In computer science, split brain is an undesirable state of a computer cluster in which all interconnections between the cluster parts are interrupted at the same time.

to form

Basically one differentiates between

  • the (separation) separation of a single node, an extreme example of this is the division of a 2-node cluster
  • the separation of a multi-node cluster (> 2) into two unequal parts
  • the separation of a multi-node cluster (> 2) into two equal parts
  • the separation of a multi-node cluster (> 2) into more than two parts. However, this last situation is viewed as several individual split-brain scenarios.

occurrence

Left: The complete, working cluster; Right: A split brain situation in which node E has failed.

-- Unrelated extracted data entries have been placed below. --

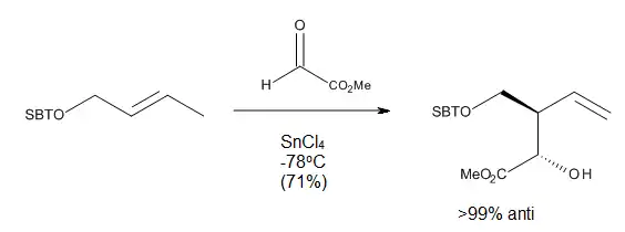 In the case of directed carbonyl-ene reactions, high levels of regio- and stereo-selectivity have been observed upon addition of a Lewis acid, which can be explained through chair-like transition states. Some of these reactions (Figure 10) can run at very low temperatures and still afford very good yields of a single regioisomer.[2]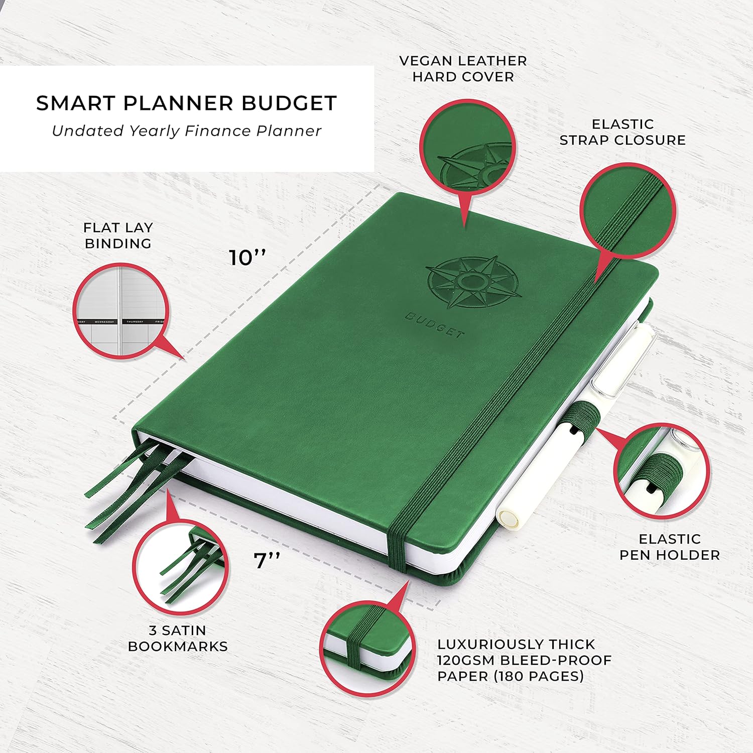 Smart Planner Budget Book – A5 Size 8.6 x 5.7 inches – Undated Budget Planner Organizer with Calendars, Debt Tracker, Expense Sheets, Savings Trackers and More – Inner Pocket for Receipts (Green)
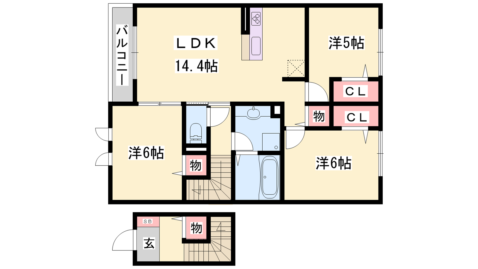 - LDK14.4帖、洋室6帖、洋室6帖、洋室5帖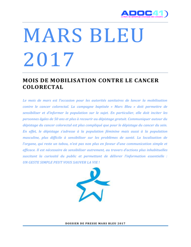 MARS BLEU : Mois de mobilisation nationale contre le cancer colorectal ...................................... 5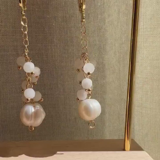Freshwater Pearl Dangle Earrings, Moonstone Cluster Earrings, 14k Gold Earrings, Gemstone Earrings, Bridal Earrings, Anniversary Earrings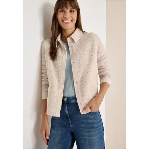 Dit teddyjack van CECIL voor dames combineert zacht comfort met een casual corduroy look. Corduroy details op de kraag en borstzakken zetten accenten, terwijl de knoopsluiting, steekzakken en lange mouwen met manchetten de overhemdstijl benadrukken. Ideaal voor knusse herfstlooks met een modieuze twist.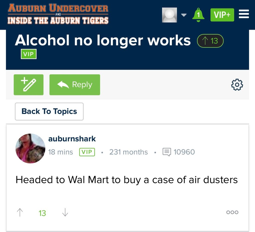 Things are so bad in Auburn they’re looking for innovative ways to numb the pain. While we don’t condone such practices, we applaud the cleverness of geniuses on message boards. Be original, be different, WDE.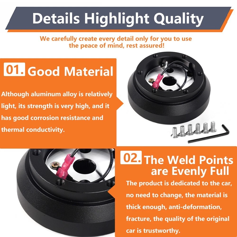 Steering Wheel Short Hub Adapter Boss Kit For Nissan 200X S13 S14 SR20 KA24 140H SPECIFICATIONS: Type: Hub Adapter Color: Black Material: Aluminum FEATURES: 100% Brand New and Never Used or Installed Light Weight & Durable Easy installation. High Quality Material,Fine Workmanship FITMENT: Fit For 1990-2017 Nissan 200X Fit For 1989-1998 Nissan 240SX(No Hicas)/S13/S14 Fit For All Nissan 260Z/280Z Fit For 1990-2017 Nissan 300ZX(No Hicas) Fit For 1989-2004 Nissan Skyline(No Hicas) Fit For 1988-1997 Nissan Pickup Fit For 1993-2017 Nissan Altima Fit For 1989-1998 Nissan Maxima Fit For 1987-1990 Nissan Pulsar Fit For 1991-1996 Nissan Sentra Fit For 2004-2011 Nissan Titan Fit For All Nissan 510 610 810 Fit For All Nissan Harbdod Fit For All Infinite G20 PACKAGE INCLUDE: 1 X Steering Wheel Short Hub Adapter All accessories in the picture are included. NOTE: 1.Please confirm your address is correct 2.Please check the size measurement and the picture carefully before making payment. 3.Please allow 0.5-1 inch difference due to manual measurement. (1 inch=2.54cm) 4.Due to the difference between different monitors, the picture may not reflect the actual color of the item. Please understand, Thank you. 5.We will not accept the return if the item damaged by the buyer's operational errors. SHIPPING INFORMATION PAYMENT WARRANTY ABOUT US CONTACT US SHIPPING INFORMATION We will only ship this item to buyers by Normal Mail, please confirm your address is correct, and if you want to change the delivery address, just feel free to contact us when you purchase. Usually, we will ship the orders out and upload the tracking number within 1-2 business days(Monday to Saturday from 8:30am-5:30pm) after you complete the payment. PAYMENT We will only accept eBay payment. Please pay using eBay payment ONLY within 7 days from the date of transaction be made. WARRANTY Please inspect your order upon receipt.No damage claims will be honored after 14 days of delivery. All item we sold come with 90 days defective warranty from the date. ABOUT US We are a powerful factory producing auto parts,and we have a professional sales and after-sales team that can provide you with excellent products and services. CONTACT US For any reason you want to contact us,We aim at satisfying every visitor, no matter what kind of situation you meet with, we will be right here to serve you. Please contact our team. If you are happy with the transaction with us, leaving us an ALL-5-STAR positive feedback would be greatly appreciated. Have a good shopping.

A cluster interconnect or a quorum is usually used to coordinate the transactions in the cluster - depending on the technology used. If the connection between one or more parts of the cluster is interrupted in this way, no one can distinguish whether it is a partial failure or a separation. All of these (now isolated) cluster fragments continue to work for themselves to maintain the provision of the service (also known as "service"). Since the network connection to the public network (i.e. towards the user) still works normally , problems arise:

Effects

The basic problem of Split Brain is the fact that at least two parts still work, but coordination between them is no longer possible. While this does not seem to be an immediate problem with pure read access, write access leads to massive conflicts: The write operations are distributed over the parts of the cluster (which function but are isolated from each other), but the logic layer ( middle tier ) or the user noticed nothing unusual; From the user's point of view, the cluster behaves as in normal operation. However, due to the interrupted interconnection, the block written by node / part A cannot be read by node / part B - and vice versa.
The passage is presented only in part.